Well, R programmers will know that negative indexes are allowed, and extract all items except those identified by the negative subscript. So daily_inc[-1,v] will create a long vector (1819 numbers) without error. It seems like an error should arise later, however, when this results in an attempt to store 1819 numbers into RDaily[u], which has space for only one.
But crucially, before a negative index gets used, there’s an attempt to access daily_inc[0,v]. R programmers may also know that using a zero index is not an error in R, even though R vectors are indexed starting at 1 — zero indexes are just ignored. (I’ve previously written about why this is a bad idea.) When the subscript is a single zero index, ignoring it results in extraction of a zero-length vector.

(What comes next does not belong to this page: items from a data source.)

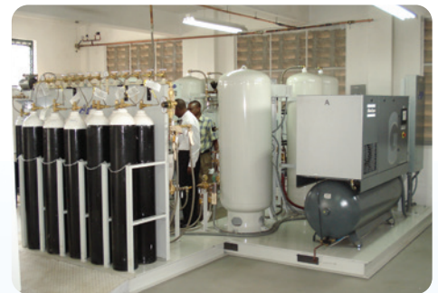
AS-J450-HMFM Duplex PSA Medical Oxygen Plant — Kenya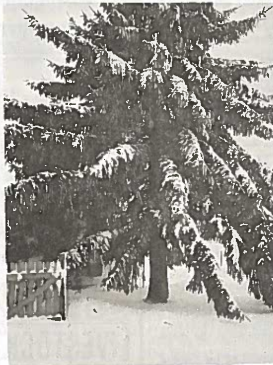
MARCH 1, 1971--WE HAD THIS KIND OF SNOWFALL after a mild beginning of the month. It was a quiet precipitation, however, and mainly gave us Christmas scenes such as this above.

Radio reports said he was discovered by co-workers at the mill who realized he had not been seen for some time, and they went looking for him and found him in the corn bin.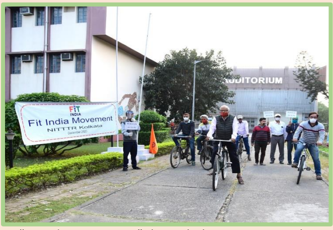
"Fit India Movement" the cyclothon program in the campus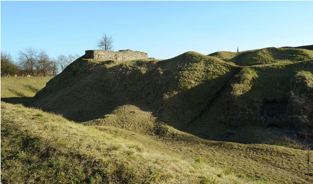
Castle core with a moat.

Now, zero-length vectors also seem like the sort of thing that would lead to some sort of error later on. But R is happy (for good reason) to multiply a zero-length vector by a scalar, with the result being another zero-length vector. The same is true for addition, so when t-a is 0, the effect is that suma in the innermost loop is set to a zero-length vector. (This is not the same as 0, which is what it was initialized to!)

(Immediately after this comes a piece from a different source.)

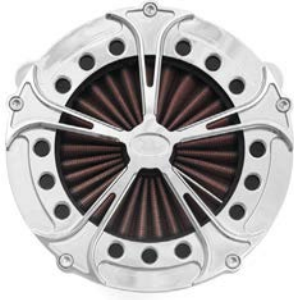
Reverse Cone 5-Spoke TBW Polished 6-304

Only after suma has been set to a zero-length vector does it get multiplied by a vector of length 1891, from accessing daily_inc[-1,v]. R is also happy to multiply a zero-length vector by a vector of length greater than one (though this is rather dubious), with the result being a zero-length vector. So suma stays a zero-length vector for the rest of the inner loop, as daily_inc is accessed with indexes of -1, -2, …, -18. After this loop completes, suma is used to compute a term to add to sumt, with R’s treatment of arithmetic on zero-length vectors resulting in sumt being set to a zero-length vector, and remaining a zero-length vector even when t becomes large enough that accesses with indexes less than one are no longer done.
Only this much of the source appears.